Data extracted from a collection =>
%%

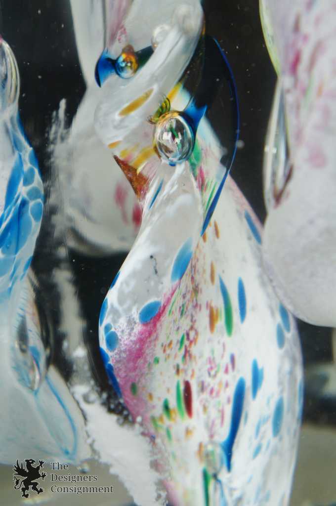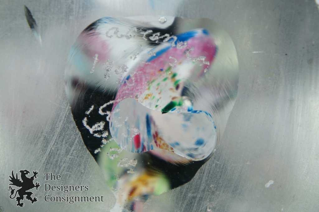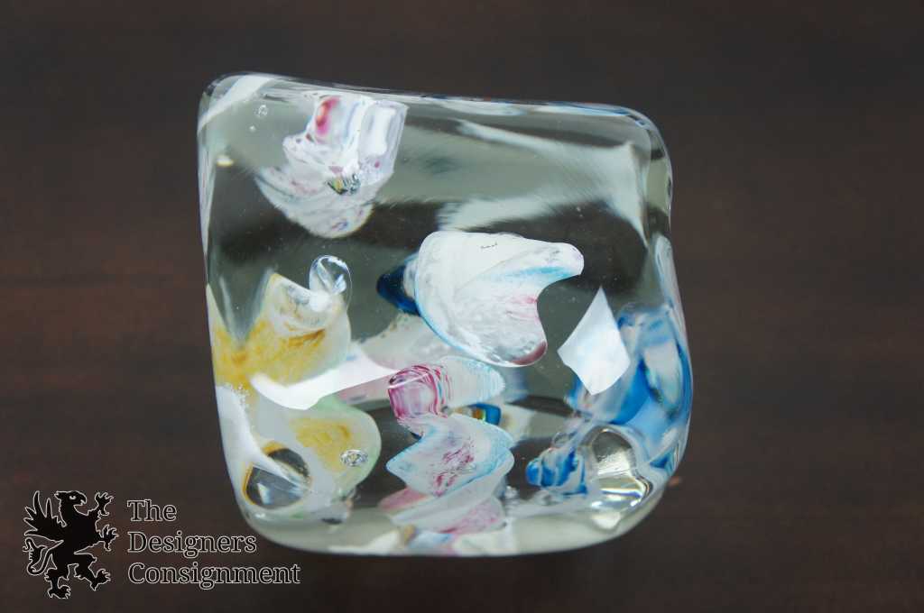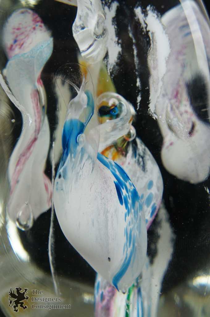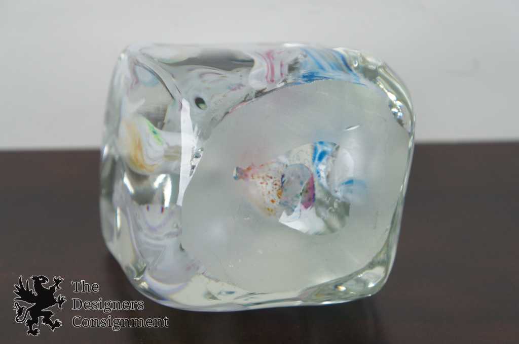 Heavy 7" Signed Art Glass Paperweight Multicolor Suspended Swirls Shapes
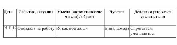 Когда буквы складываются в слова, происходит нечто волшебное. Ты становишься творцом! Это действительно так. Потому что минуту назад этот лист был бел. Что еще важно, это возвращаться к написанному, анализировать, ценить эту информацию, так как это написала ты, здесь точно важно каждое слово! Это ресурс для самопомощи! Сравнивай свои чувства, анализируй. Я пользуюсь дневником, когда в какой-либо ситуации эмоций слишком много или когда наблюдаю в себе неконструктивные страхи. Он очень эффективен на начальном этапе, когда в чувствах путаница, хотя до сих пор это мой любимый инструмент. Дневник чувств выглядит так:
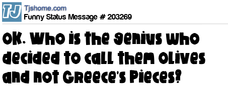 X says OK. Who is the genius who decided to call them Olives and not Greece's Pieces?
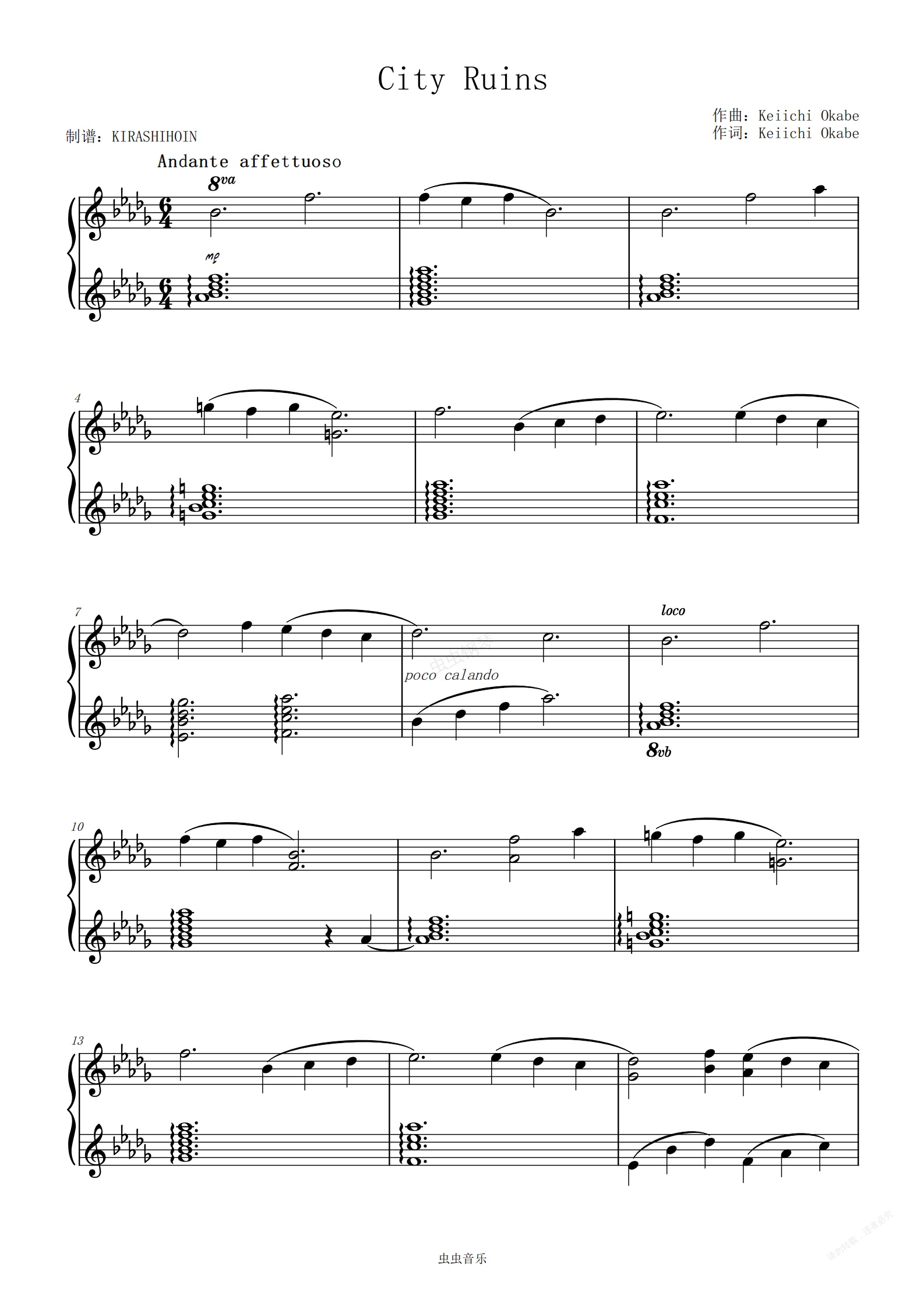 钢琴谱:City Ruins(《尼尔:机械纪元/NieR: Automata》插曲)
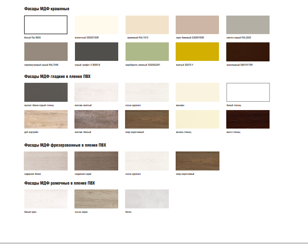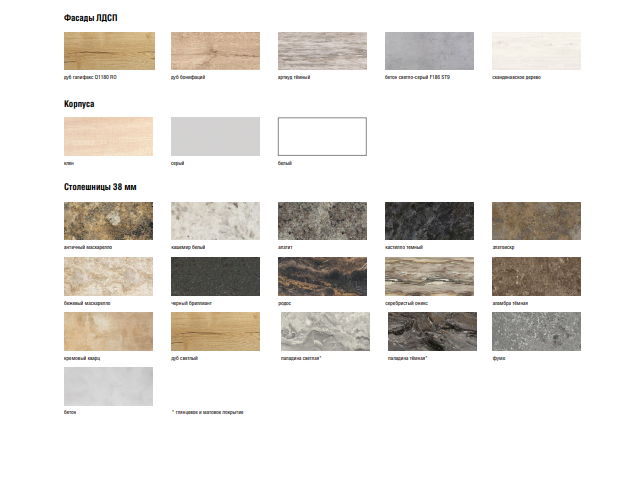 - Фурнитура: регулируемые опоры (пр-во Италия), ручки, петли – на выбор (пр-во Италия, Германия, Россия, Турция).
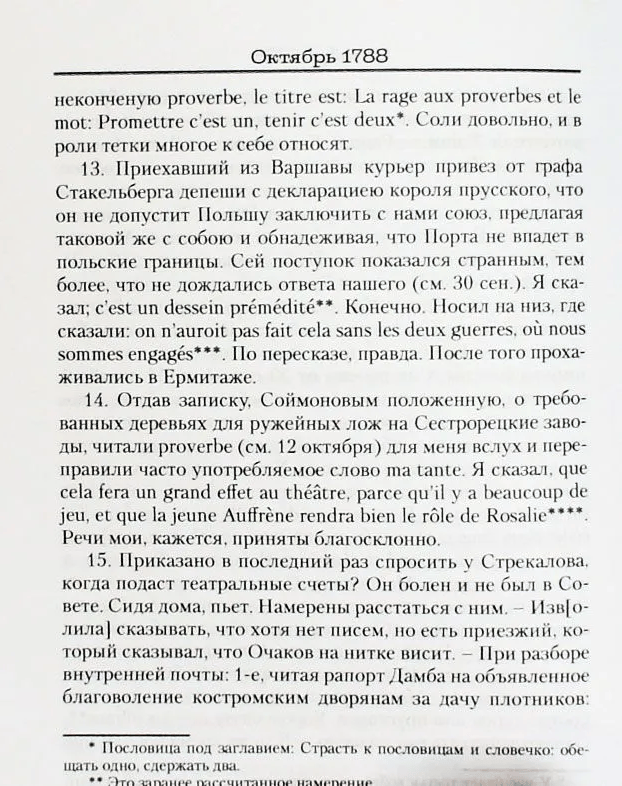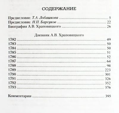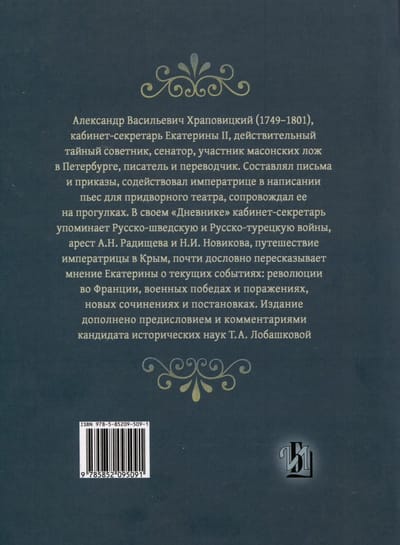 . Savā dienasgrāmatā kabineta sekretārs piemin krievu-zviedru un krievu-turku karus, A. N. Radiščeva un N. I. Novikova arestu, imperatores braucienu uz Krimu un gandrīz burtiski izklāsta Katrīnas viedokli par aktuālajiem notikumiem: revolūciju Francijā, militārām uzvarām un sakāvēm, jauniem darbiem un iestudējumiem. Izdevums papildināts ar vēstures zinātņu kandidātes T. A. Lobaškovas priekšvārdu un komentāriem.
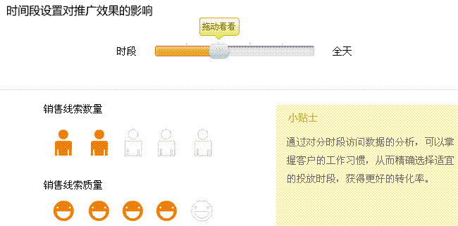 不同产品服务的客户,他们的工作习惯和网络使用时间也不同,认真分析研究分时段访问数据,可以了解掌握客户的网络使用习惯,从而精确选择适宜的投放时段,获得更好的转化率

%%

EXERCISE DIRECTIONS => Excluding the pictures, transcribe all of the entries exactly.

RESULT =>
 Heavy 7" Signed Art Glass Paperweight Multicolor Suspended Swirls Shapes
 Когда буквы складываются в слова, происходит нечто волшебное. Ты становишься творцом! Это действительно так. Потому что минуту назад этот лист был бел. Что еще важно, это возвращаться к написанному, анализировать, ценить эту информацию, так как это написала ты, здесь точно важно каждое слово! Это ресурс для самопомощи! Сравнивай свои чувства, анализируй. Я пользуюсь дневником, когда в какой-либо ситуации эмоций слишком много или когда наблюдаю в себе неконструктивные страхи. Он очень эффективен на начальном этапе, когда в чувствах путаница, хотя до сих пор это мой любимый инструмент. Дневник чувств выглядит так:
 X says OK. Who is the genius who decided to call them Olives and not Greece's Pieces?
 钢琴谱:City Ruins(《尼尔:机械纪元/NieR: Automata》插曲)
 - Фурнитура: регулируемые опоры (пр-во Италия), ручки, петли – на выбор (пр-во Италия, Германия, Россия, Турция).
 . Savā dienasgrāmatā kabineta sekretārs piemin krievu-zviedru un krievu-turku karus, A. N. Radiščeva un N. I. Novikova arestu, imperatores braucienu uz Krimu un gandrīz burtiski izklāsta Katrīnas viedokli par aktuālajiem notikumiem: revolūciju Francijā, militārām uzvarām un sakāvēm, jauniem darbiem un iestudējumiem. Izdevums papildināts ar vēstures zinātņu kandidātes T. A. Lobaškovas priekšvārdu un komentāriem.
 不同产品服务的客户,他们的工作习惯和网络使用时间也不同,认真分析研究分时段访问数据,可以了解掌握客户的网络使用习惯,从而精确选择适宜的投放时段,获得更好的转化率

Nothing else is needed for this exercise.